Saturday, 13 April 2019

A tooth-ful story

When I was a foolish teen of about 14 or 15 years old, I most likely had a crush on this boy and perhaps it mattered to me what he thought about me. And he wasn't really nice to me, but I didn't know it then!

This is what the boy did one day. He held up a blank page and asked me what I saw. Obviously, I saw a blank page! Then, he put a dot on it and asked me the same question again. I told him that I saw a dot. After that brief questioning, he proceeded to let me know that I am the blank page and that dot was my teeth!

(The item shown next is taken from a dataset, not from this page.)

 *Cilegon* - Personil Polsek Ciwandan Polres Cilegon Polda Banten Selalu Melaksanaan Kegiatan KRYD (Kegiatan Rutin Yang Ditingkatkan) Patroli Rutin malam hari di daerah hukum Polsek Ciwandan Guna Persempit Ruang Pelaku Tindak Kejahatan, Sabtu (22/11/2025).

With that new found horrific knowledge, I ran off to seek my dad's assistance in getting rid of that "dot"! My dad was always doting, not dotting on me. He whisked me off to a dentist who declared that I needed to get rid of 4 teeth as there was too much crowding in my mouth and then, the solution was to have braces in to pull all the teeth together to make them look less "dotty"!

After that mouthful, let me continue on with this tooth-ful story.

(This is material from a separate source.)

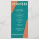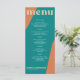Abstract shapes retro vintage 70s style unique wedding menu card with bold typography in a vibrant trendy modern teal, beige tan and orange chic color palette. +++++++ Please note that all the colors are changeable. ++++++++++++ Suitable for informal casual stylish contemporary weddings.

A few months later, I met Eternal Boy (EB), and we soon became enchanted with each other. At that point in time, the braces became painful and I felt like EB loved me for me and I should ignore that hurtful other boy who now appeared to be superficial and not worth my attention. So, I got rid of the braces without seeing them through the recommended amount of time.

A few years later, EB got rid of me because I gained a few pounds! I already mentioned the 3 or 6 months of crying in another post. After that, I decided to not give that much importance to a guy! As luck should have it, Craigley came along. To his credit, he NEVER had any issues with my teeth or weight. In fact, he thought I was perfect in every way. He may disagree now, but that is another story for another day!

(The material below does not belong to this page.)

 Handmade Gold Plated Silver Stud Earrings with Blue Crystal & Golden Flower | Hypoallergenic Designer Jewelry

Since I have been married to Craigley, I never did the stereotypical housewife things they show in some movies - excessively indulge in myself via gyms, spas and luncheons. Like seriously, who does that? If you are down to one income, you become down to earth and dowdy! So, I let things fall apart. Given that, I do not get upset when people mistake me for Hans' grandma. From an outsider and uninformed perspective, it is quite possible.

Alright then, where is this story going?

Recently, I had to fill out a questionnaire before my dental surgery. The last question was about how happy I was with the appearance of my teeth. I answered honestly. Before the surgery, the dentist asked me the question in person since he didn't believe my answer. I told him that I was indeed happy with the appearance of my teeth. The reason I was willing to spend all that money on surgery was not to ensure my teeth looked spectacular; it was to ensure that they remained intact in my mouth!

As I age, things will begin to fall apart. Some consequences are due to negligence on my part. Some are a natural progression. I will never look the way I did when I was 16. Either I begin to accept my ageing and be happy in some sense with how it is progressing or go into miserable mode. I'd rather be happy with who I am and how I look. For sure, I need to take care of myself. However, I am not going to allow anyone else again to put a dot on a piece of paper and make that the only recognizable quality about me.

I could erase that dot or ignore it. It is my choice. And all puns aside, that is the truth!